Peacekeepers inside the main UN headquarters in Abidjan fired in the air and launched tear-gas grenades at demonstrators for a second consecutive day yesterday, keeping about 1,000 protesters at bay.
A pro-Gbagbo student leader, Serge Koffi, appeared on state television, reading a statement saying that the broadcaster had been "liberated".
Demonstrators have, during past crises, seized the TV station, which is state-funded but run by a neutral party under peace accords.
A French army spokesman said the four protesters who died at Guiglo had tried to take weapons and had climbed on to armoured vehicles. He said 12 further demonstrators had been injured.
In Paris, the French army's chief of staff, General Henri Bentegeat, called for UN sanctions against Ivory Coast, saying that both sides appeared unwilling to resolve the three-year-old conflict.
The latest protests erupted on Monday after a UN-backed international mediation group recommended that the parliament's expired mandate should not be renewed.
Mr Gbagbo is leading a one-year government of national unity that has diminished his executive powers. The parliament, which is filled with his supporters, is viewed as his last bastion of power and the decision to dissolve it angered youth activists and the president's backers who sent their followers into the streets.
Businesses shut down across Abidjan, amid fears of a return to all-out violence.
There were no reports of any trouble in the north, where rebel leaders accused Mr Gbagbo of orchestrating the protests to undermine a new transitional government.
"It's an insurrection against the transitional government organised by Gbagbo and [his political party] to bring power back into their hands," said Sidiki Konate, a spokesman for the rebels.

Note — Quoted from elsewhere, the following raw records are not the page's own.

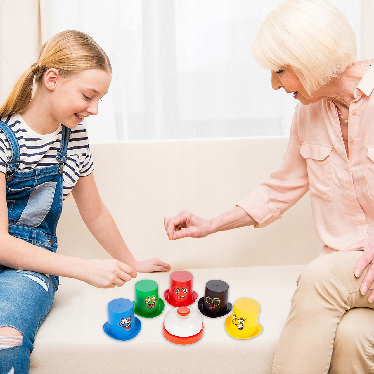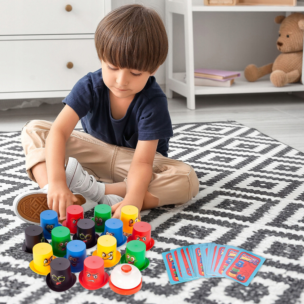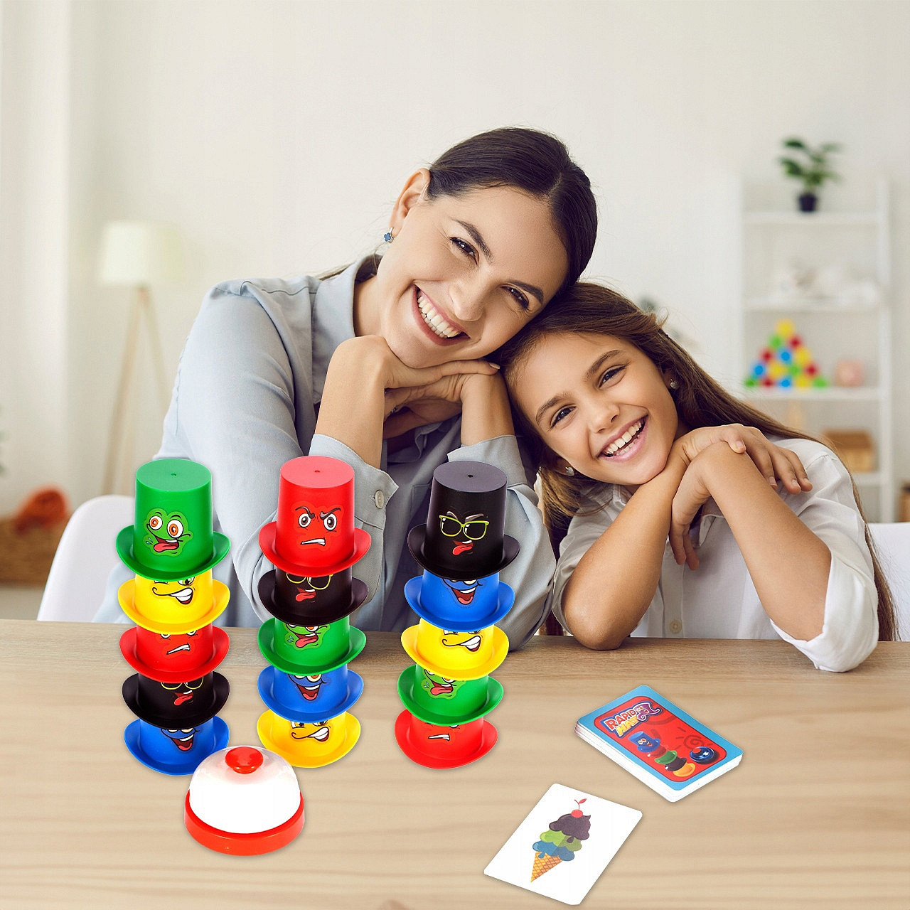 Każdy z graczy otrzymuje 5 różnokolorowych kubeczków i musi jak najszybciej ułożyć je w kolejności pokazanej na karcie z rysunkiem. Ta wskazuje, czy kubki mają być ułożone obok siebie, czy ustawione jeden na drugim. Zadanie wykonane? Czas jak najszybciej zadzwonić dzwonkiem! Najbardziej spostrzegawcza osoba zostanie zwycięzcą. W grę może grać od 2 do 4 osób.
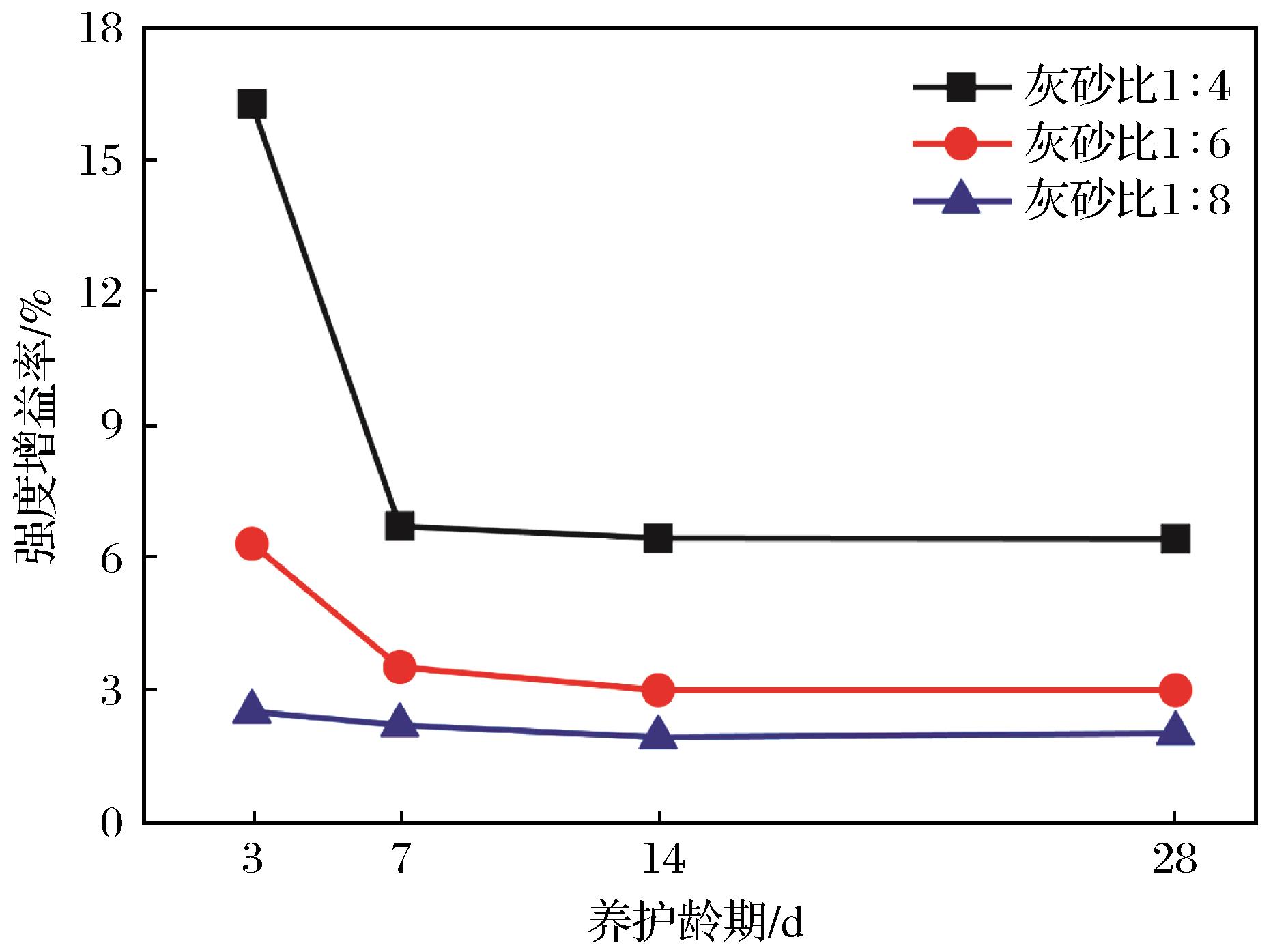 | 图5 不同养护龄期充填体试件的强度增益率 different curing ages |
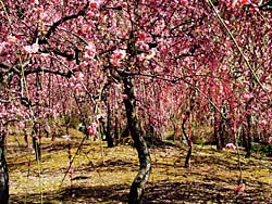 今回の主目的の「しだれ梅」です。春の山に150本咲いていました。(動 画) これだけの枝垂れ梅が咲くと圧巻です。
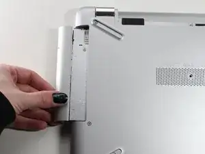 Снимите центральный винт с задней части ноутбука с помощью отвертки Phillips #000.

Officials at the office of the president could not be reached for comment.
Kofi Annan, the UN secretary-general, has condemned the fresh violence, saying it threatens the nation's fragile peace.
Last year, Mr Gbagbo cancelled elections planned for October, blaming the rebels in the north. Afterwards, the UN and the African Union endorsed a one-year extension of his five-year mandate, despite fierce objections from rebels and opposition groups, and a new prime minister, Charles Konan Banny, was chosen by the warring sides to shepherd the country towards elections within a year.
He named a new 32-member national-unity government last month, composed of rebel, opposition party and ruling party ministers.
But Mr Gbagbo's ruling Ivorian Popular Front said on Tuesday that it was withdrawing from the peace process and would no longer co-operate with Mr Banny's government.